Genetic   tradeoffs  in  calving ease

Most sire proof lists only show direct “calving ease”—the bull’s ranking as a service sire for birthing.
But in fact, two levels of data are calculated—“direct” and “maternal” calving ease.    The “maternal” rating is an indication of how his daughters are doing for birthing ability.

Exceptions to the assumed rules may prove the rule is defective

What you see across the broad data is a pattern—the lower the “calving ease” direct rating, the higher the “calving ease” maternal rating.    The old saw, “calving ease bulls produce small hard calving cows” is questionable, on the average of the data.    But who wants to milk “average” cows??    The secret is to find “calving ease” bulls whose daughters also calve easily, and produce live calves, for a full lifetime.        

The scoop on calving ease

Calving difficulties have led people to various strategies (breed heifers to Jersey bulls, breed heifers to sexed semen, use only calving ease rated sires) that seem to either raise our AI costs or lower our herd equity value.     Why did this happen?      It relates to the delayed recognition that calving ease was as “genetic” a trait as production or type, and is linked to broader health and fertility issues—such as the rate of still born calves—currently averaging 8% of all Holstein births-- as well as to structural mating issues in the width, length, and proportions of the pelvic rump shape.

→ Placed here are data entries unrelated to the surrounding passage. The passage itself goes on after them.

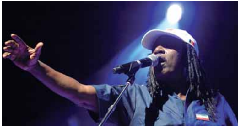
Alpha Blondyren kontzertua.

Munduko kulturen festaren balorazio guztiz positiboa egin du Udalak. Ekainaren 6tik 8ra bitarteko asteburuan izan da aurten, eta eguraldi eta giro onari herritarren parte-hartze handia gehitu zaio.
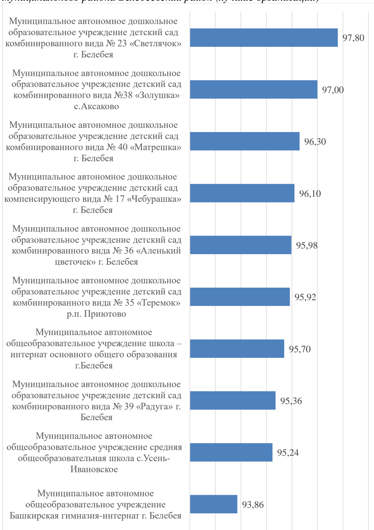
Гистограмма 1. Итоговый рейтинг по результатам сбора, обобщения и анализа информации о качестве условий оказания услуг организациями, осуществляющими образовательную деятельность на территории муниципального района Белебеевский район (лучшие организации)
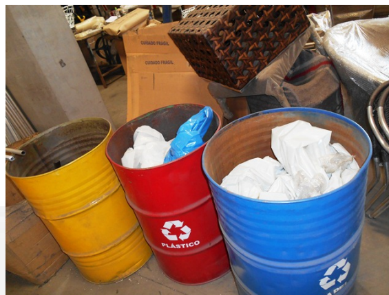
Foto 06. Separação dos resíduos sólidos gerados
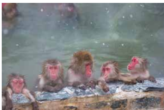
函館市熱帯植物園
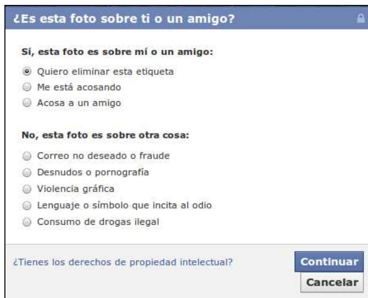
Ilustración 7: Opciones de Reportar/Eliminar etiqueta

Si encuentras un contenido que creas que puede ser ofensivo (una imagen, una página, etc.) puedes denunciarlo haciendo clic en el enlace “ Denunciar ” o “ Reportar ” que aparece junto a dicha publicación. Si encuentras una foto en la que apareces, te han etiquetado o refleja un contenido ofensivo, puedes hacer clic en el botón de “ Reportar/Eliminar ” etiqueta donde podrás realizar cualquiera de las opciones que quedan reflejadas en la siguiente imagen:
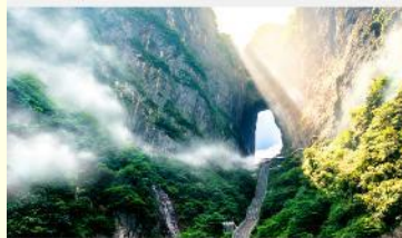
ประตูล้อมรั้ว
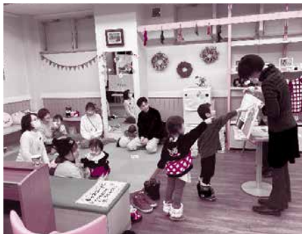
▲12/16 ふれあいカフェ2023 (読み聞かせ：児童書を読む会あんばんまん)
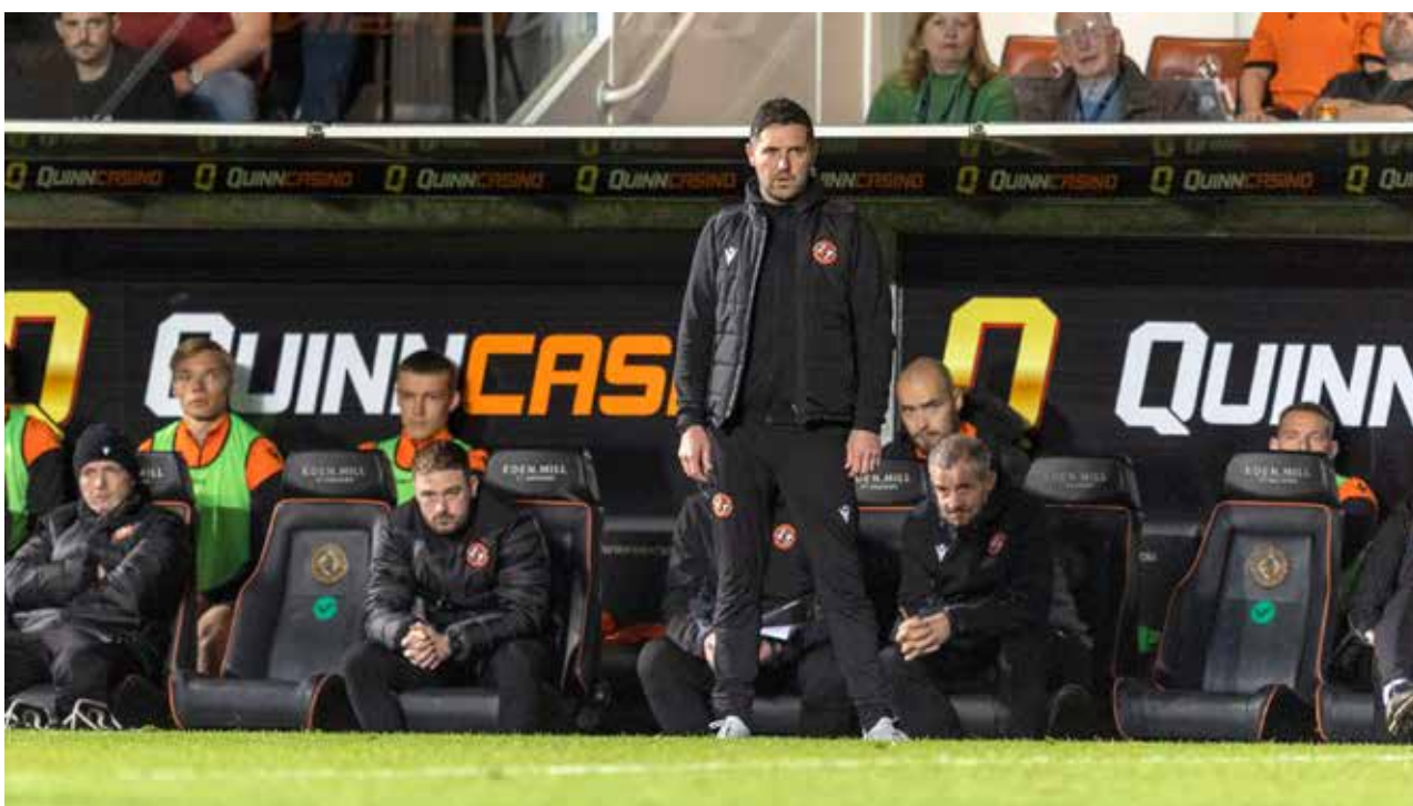
Liam Fox`n kaudella kävi vaihtopenkki liiankin tutuksi

Palstatilan rajallisuuden - ja liiallisen jaarittelun välttämisen - vuoksi hypätään pikakelauksella muutama kuukausi etiapäin ja helmikuun neljänteen päivään. Edellisestä ysikymppisestääni Unitedin riveissä on vierähtänyt kevyehköt yhdeksän kuukautta, marraskuulta löytyy toki Huuhkajien paidassa ysikymppinen harjoitusmaaottelussa Norjaa vastaan, joka myös nosti toiveita - tosin turhia sellaisia - vastuun kasvamisesta seura-joukkueessa, ja olemme
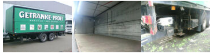
Koegel - ZFHB 18 ZFHB 18, Böse Getränkekoffer, BÄR LBW

Preis (brutto): 4.641,00 € Gesetzl. MwSt. 19%: 741,00 €
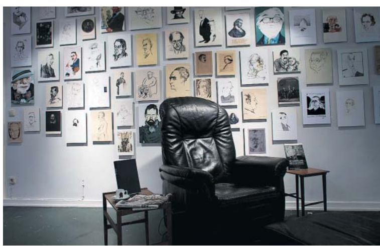
Sein Platz bleibt leer: Marcel Reich-Ranickis Lesesessel
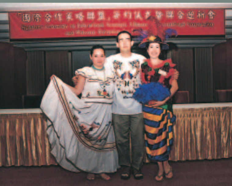
國際高等專業人才養成獎學金計畫學員

不論就我國拓展多元外交途徑，抑或協助友邦國家逐步邁入永續發展的坦途而言，國際人力資源發展無疑都扮演了一項關鍵性的角色。台灣係舉世公認由開發中國家轉型至新興工業化國家的罕見成功範例，亦是東亞第一個和平政黨輪替的政治民主國家，在各方面都有傲人而珍貴的成就，卻因為特殊的國際孤立情勢，而未受到應有的討論及重視，殊為可惜。
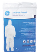
Bolsa de Poliuretano
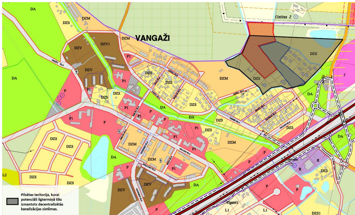
Pilsētas teritorija, kurai potenciāli ilgtermiņā tiks izmantotas decentralizētās kanalizācijas sistēmas (attēls 1)
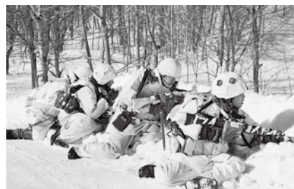
前方警戒中の分隊
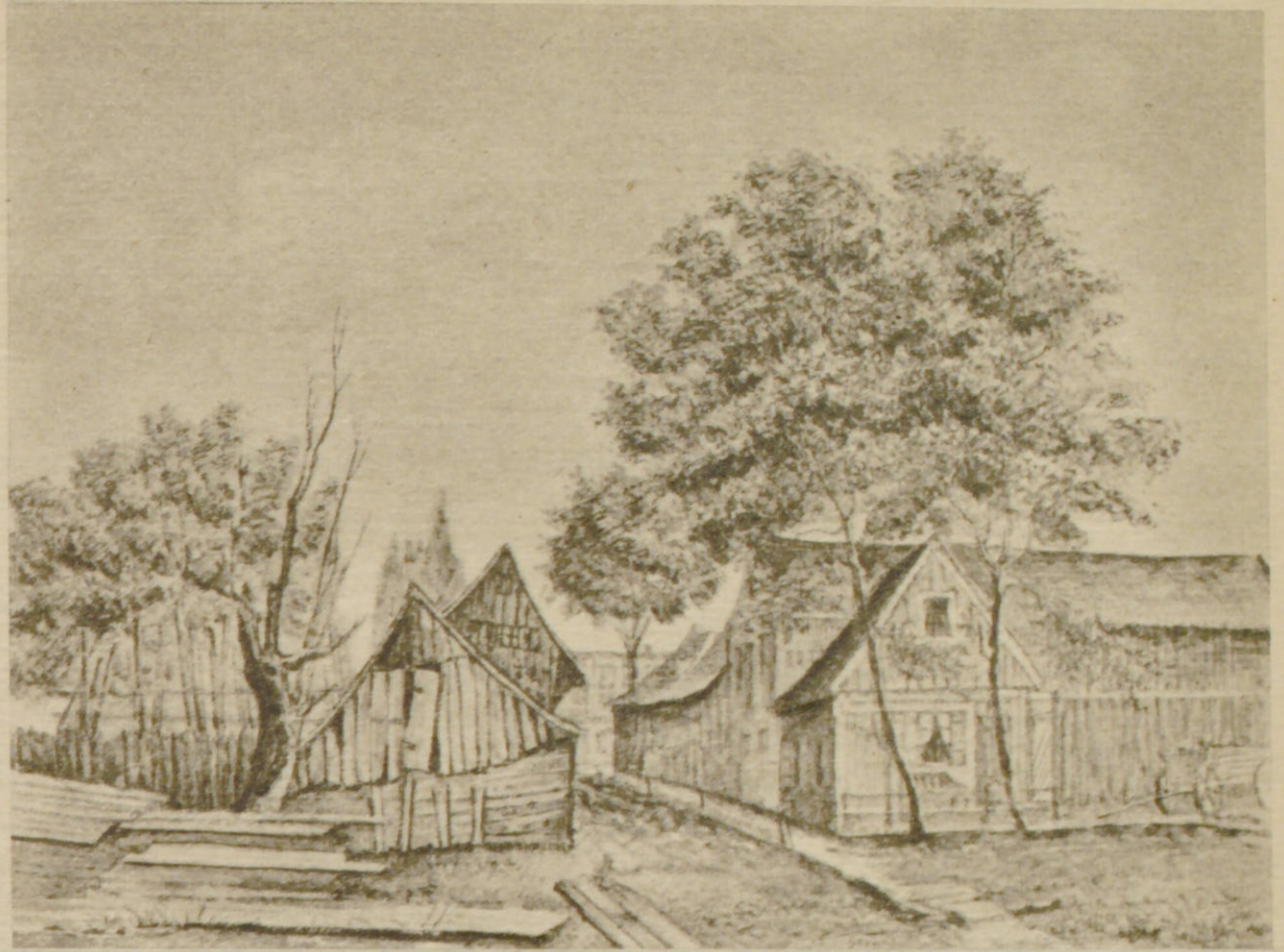
Die „Caneeltwiete“ auf dem Borgesch hatte ihren Namen wegen der umherliegenden Hobespäne erhalten

Während die meisten Stadtteile Hamburgs sich aus ehemaligen Dörfern, also aus uralten Siedlungsgebieten zunächst zu Vororten entwickelten, und später als Stadtteile der städtischen Verwaltung angegliedert wurden, ist Borgfelde, wie schon der Name andeutet, ein Burgfeld gewesen, das den Stadtbewohnern als Gemeindefeld angewiesen wurde. Daran erinnert noch heute der Straßenname „Bürgerweide“, der früher richtiger „An der Bürgerweide“ hieß.
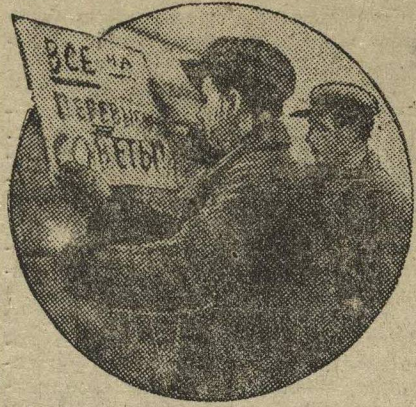
Комсомольцы-активисты развешивают предвыборные плакаты. Колхоз «Красный Словинец», Работкинский район.
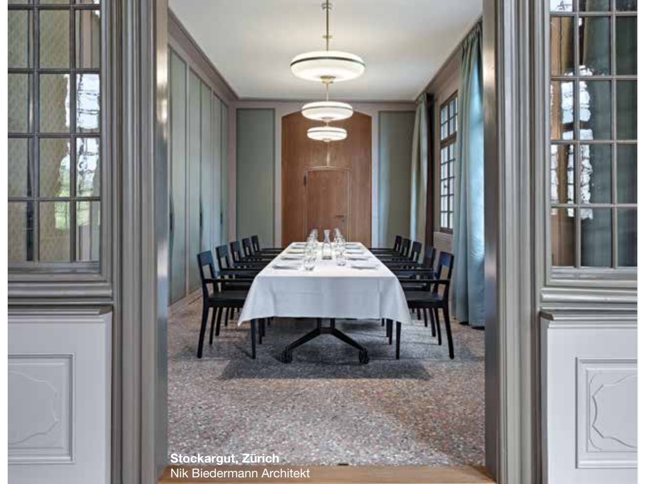
Stockargut, Zürich Nik Biedermann Architekt
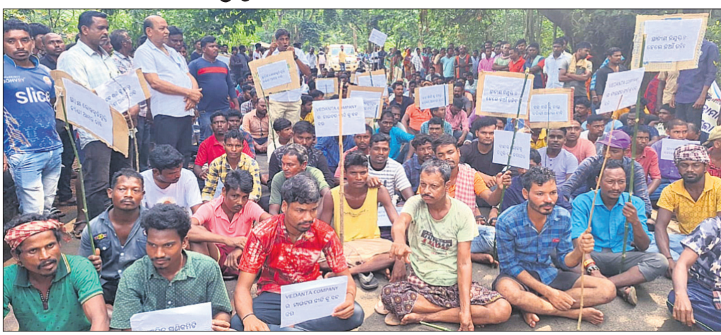
ଆଞ୍ଚଳିକ ଗ୍ରୋମାଲଟ ଖଣି କମିଟି ସଦସ୍ୟମାନେ ଧାରଣା ଦେଇଛନ୍ତି ।

ଦେଶାନ୍ତ ଲିମା କଳ୍ପହାତୀ ଥାନା କାଠପାଳସ୍ଥିତ ଫେକର ବେଦାନ୍ତ କମ୍ପାନୀ ସମ୍ମୁଖରେ ସୋମବାର ଆଞ୍ଚଳିକ ଗ୍ରୋମାଲଟ ଖଣି କମିଟି ସଦସ୍ୟମାନଙ୍କ ପକ୍ଷରୁ ଗଣଧାରଣା ଦିଆଯାଇଥିଲା । ଖବରପାଇ ପ୍ରଶାସନିକ ଅଧିକାରୀମାନେ ପହଞ୍ଚି ରୁଖିଗୁଣ୍ଡା କରିବା ପରେ ଧାରଣା ପ୍ରତ୍ୟାହତ ହୋଇଥିଲା । କମିଟି ପକ୍ଷରୁ କୁହାଯାଇଛି, ଏଠାରେ ଥିବା ଗ୍ରୋମାଲଟ ଖଣି ପ୍ରାୟ ୧୦ ବର୍ଷ ହେଲେ ବନ୍ଦ ରହିଛି । ଫଳରେ ଏହା ଉପରେ ନିର୍ଭର କରୁଥିବା ବିରାଣାଳ, ମରୁଆପଲ, ରାଇବୋଲ, ମରୁଆକାଟେଶୀ, ବାଲିକ୍ରମା, ବାଟଗାଁ ଆଦି ୬ ପଞ୍ଚାୟତବାସୀ ରୋଜଗାର ହରାଇଛନ୍ତି । ଏ ନେଇ ଫେକର ଓ ବେଦାନ୍ତ ସହ ଅନେକଥର ବୈଠକ ହୋଇଥିଲେ ମଧ୍ୟ ସୁଫଳ ମିଳିପାରିନାହିଁ । ଏହାର ପ୍ରତିବାଦରେ କମିଟିର ଶତାଧିକ
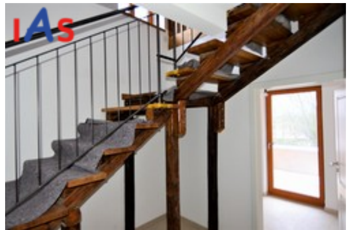
Treppe zur Maisonette
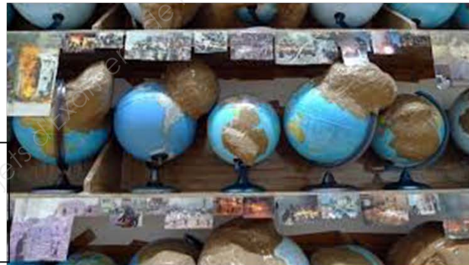
Thomas HIRSCHORN , Outgrowth , détail d'une installation, 2005. Mappemondes contaminées par des excroissances. Ces protubérances réalisées en scotch marron représentent les situations dramatiques de l'actualité..

One thing for sure—the data does not support some old-timer attitudes like “select for calving ease and you end up with small, narrow, frail cows”.     Increasingly there is recognition that “frailty” is a result of broader selection issues, such as the importance of balancing “sharp” and “round” body qualities in the overall [bull x cow] mating design.     [Programs like aAa breeding guide produce heifers that are more capable of calving unassisted with a living calf—selecting sires to avoid the genetic sources of a lack of vigor in calving, such as using maternal stillbirth rates, add to success in this area.]